> **TASK TO CARRY OUT**: Below are some records; quote exactly the lines from the one that contains "<3/9 成果発表会の様子>" through the one that contains "Lusterka zewnętrzne z kierunkowskazami", inclusive, and no others.

Top of DATA PROVIDED

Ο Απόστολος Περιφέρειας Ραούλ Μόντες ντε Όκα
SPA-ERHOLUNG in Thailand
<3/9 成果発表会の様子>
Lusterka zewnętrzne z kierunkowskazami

Bottom of DATA PROVIDED
Top of DATA PROVIDED

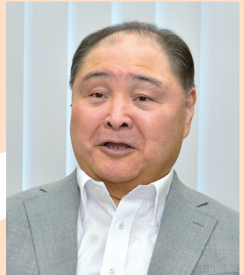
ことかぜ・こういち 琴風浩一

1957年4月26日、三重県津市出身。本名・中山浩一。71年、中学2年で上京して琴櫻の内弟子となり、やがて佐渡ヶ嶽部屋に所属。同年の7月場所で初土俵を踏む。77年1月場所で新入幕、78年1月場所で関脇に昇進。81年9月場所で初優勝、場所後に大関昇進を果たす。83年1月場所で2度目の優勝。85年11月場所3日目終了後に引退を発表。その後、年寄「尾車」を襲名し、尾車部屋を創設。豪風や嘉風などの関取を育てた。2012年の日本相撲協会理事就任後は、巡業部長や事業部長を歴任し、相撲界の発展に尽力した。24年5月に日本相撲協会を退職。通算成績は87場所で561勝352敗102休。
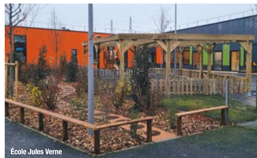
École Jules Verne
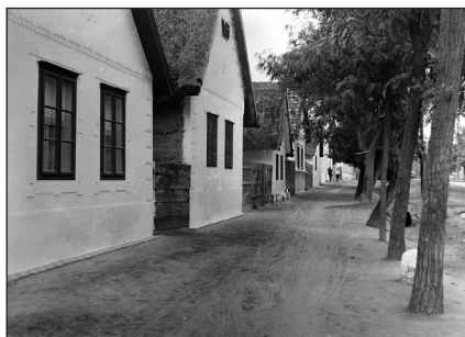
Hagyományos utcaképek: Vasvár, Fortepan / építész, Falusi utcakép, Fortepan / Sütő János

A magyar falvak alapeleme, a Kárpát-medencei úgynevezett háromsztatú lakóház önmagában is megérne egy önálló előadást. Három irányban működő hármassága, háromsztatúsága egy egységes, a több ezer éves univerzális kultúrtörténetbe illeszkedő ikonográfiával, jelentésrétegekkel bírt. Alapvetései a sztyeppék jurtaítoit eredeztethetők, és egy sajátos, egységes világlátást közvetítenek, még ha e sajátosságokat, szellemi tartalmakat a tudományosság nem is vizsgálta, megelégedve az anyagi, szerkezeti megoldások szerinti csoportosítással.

Bottom of DATA PROVIDED

> **YOUR SOLUTION**:
<3/9 成果発表会の様子>
Lusterka zewnętrzne z kierunkowskazami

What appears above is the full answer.